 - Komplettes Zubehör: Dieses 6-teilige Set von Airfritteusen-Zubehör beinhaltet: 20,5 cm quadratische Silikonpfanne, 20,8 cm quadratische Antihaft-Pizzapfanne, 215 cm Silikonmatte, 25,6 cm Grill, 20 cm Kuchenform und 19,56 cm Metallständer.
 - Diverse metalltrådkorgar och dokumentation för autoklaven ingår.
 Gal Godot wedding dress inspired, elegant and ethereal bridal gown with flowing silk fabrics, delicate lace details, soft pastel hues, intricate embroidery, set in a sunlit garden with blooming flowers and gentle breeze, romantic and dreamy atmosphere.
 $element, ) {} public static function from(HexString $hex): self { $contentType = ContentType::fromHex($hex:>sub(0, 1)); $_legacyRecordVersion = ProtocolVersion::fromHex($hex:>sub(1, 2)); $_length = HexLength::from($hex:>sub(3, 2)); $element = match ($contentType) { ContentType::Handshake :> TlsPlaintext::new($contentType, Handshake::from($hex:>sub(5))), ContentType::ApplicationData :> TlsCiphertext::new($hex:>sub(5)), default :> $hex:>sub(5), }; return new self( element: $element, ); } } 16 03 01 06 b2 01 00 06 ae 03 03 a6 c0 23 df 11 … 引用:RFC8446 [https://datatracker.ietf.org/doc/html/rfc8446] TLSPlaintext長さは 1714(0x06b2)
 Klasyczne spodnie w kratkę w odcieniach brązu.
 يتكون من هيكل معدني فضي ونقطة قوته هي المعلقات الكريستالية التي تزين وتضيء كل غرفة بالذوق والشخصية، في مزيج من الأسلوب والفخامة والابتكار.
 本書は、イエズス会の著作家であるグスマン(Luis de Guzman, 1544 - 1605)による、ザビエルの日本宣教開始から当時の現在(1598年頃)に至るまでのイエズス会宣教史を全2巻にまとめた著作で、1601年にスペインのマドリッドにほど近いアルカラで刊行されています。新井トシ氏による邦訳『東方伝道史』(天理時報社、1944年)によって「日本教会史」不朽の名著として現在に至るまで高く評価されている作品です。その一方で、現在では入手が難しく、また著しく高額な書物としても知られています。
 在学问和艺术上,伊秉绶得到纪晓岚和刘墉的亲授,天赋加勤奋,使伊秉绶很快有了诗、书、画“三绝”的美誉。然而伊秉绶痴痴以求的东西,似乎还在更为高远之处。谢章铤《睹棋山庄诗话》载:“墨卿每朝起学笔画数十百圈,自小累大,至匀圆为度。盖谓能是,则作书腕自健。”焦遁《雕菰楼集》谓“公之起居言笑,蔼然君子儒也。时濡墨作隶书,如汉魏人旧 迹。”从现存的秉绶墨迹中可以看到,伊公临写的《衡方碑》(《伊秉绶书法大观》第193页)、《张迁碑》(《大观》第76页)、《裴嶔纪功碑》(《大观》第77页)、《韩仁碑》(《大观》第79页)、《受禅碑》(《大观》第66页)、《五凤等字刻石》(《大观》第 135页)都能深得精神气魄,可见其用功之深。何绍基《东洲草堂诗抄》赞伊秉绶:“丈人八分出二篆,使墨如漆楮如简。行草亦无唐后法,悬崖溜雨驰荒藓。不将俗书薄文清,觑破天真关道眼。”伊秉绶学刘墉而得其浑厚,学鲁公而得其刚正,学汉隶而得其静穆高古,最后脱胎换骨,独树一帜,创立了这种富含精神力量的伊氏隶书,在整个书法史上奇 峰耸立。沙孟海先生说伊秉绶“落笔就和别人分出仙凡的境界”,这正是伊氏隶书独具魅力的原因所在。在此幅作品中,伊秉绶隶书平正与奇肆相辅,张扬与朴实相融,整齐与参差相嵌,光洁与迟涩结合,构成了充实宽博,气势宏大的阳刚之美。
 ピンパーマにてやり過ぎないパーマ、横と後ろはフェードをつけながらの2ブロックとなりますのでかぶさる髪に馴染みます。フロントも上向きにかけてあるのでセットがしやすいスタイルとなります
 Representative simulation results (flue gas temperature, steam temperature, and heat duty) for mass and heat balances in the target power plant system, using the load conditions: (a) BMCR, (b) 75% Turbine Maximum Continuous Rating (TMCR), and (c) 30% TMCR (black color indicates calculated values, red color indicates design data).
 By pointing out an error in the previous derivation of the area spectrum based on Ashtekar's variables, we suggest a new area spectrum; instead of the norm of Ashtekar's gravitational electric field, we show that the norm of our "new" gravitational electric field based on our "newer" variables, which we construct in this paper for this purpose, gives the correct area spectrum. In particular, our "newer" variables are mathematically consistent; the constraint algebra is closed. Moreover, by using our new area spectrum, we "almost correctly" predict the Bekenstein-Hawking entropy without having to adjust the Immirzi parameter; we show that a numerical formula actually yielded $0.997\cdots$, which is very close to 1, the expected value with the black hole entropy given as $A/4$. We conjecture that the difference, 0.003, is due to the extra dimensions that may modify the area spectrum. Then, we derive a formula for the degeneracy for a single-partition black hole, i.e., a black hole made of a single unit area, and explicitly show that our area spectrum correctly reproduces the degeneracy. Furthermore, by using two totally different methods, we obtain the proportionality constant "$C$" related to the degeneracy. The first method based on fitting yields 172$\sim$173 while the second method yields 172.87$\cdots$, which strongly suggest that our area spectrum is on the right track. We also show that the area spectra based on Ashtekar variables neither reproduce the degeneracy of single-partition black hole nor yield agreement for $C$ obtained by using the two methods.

* * *

**Problem description**
Write out word for word only the lines from the start of the entries down to the line with "Klasyczne spodnie w", please, including both ends.

**Task output**
 - Komplettes Zubehör: Dieses 6-teilige Set von Airfritteusen-Zubehör beinhaltet: 20,5 cm quadratische Silikonpfanne, 20,8 cm quadratische Antihaft-Pizzapfanne, 215 cm Silikonmatte, 25,6 cm Grill, 20 cm Kuchenform und 19,56 cm Metallständer.
 - Diverse metalltrådkorgar och dokumentation för autoklaven ingår.
 Gal Godot wedding dress inspired, elegant and ethereal bridal gown with flowing silk fabrics, delicate lace details, soft pastel hues, intricate embroidery, set in a sunlit garden with blooming flowers and gentle breeze, romantic and dreamy atmosphere.
 $element, ) {} public static function from(HexString $hex): self { $contentType = ContentType::fromHex($hex:>sub(0, 1)); $_legacyRecordVersion = ProtocolVersion::fromHex($hex:>sub(1, 2)); $_length = HexLength::from($hex:>sub(3, 2)); $element = match ($contentType) { ContentType::Handshake :> TlsPlaintext::new($contentType, Handshake::from($hex:>sub(5))), ContentType::ApplicationData :> TlsCiphertext::new($hex:>sub(5)), default :> $hex:>sub(5), }; return new self( element: $element, ); } } 16 03 01 06 b2 01 00 06 ae 03 03 a6 c0 23 df 11 … 引用:RFC8446 [https://datatracker.ietf.org/doc/html/rfc8446] TLSPlaintext長さは 1714(0x06b2)
 Klasyczne spodnie w kratkę w odcieniach brązu.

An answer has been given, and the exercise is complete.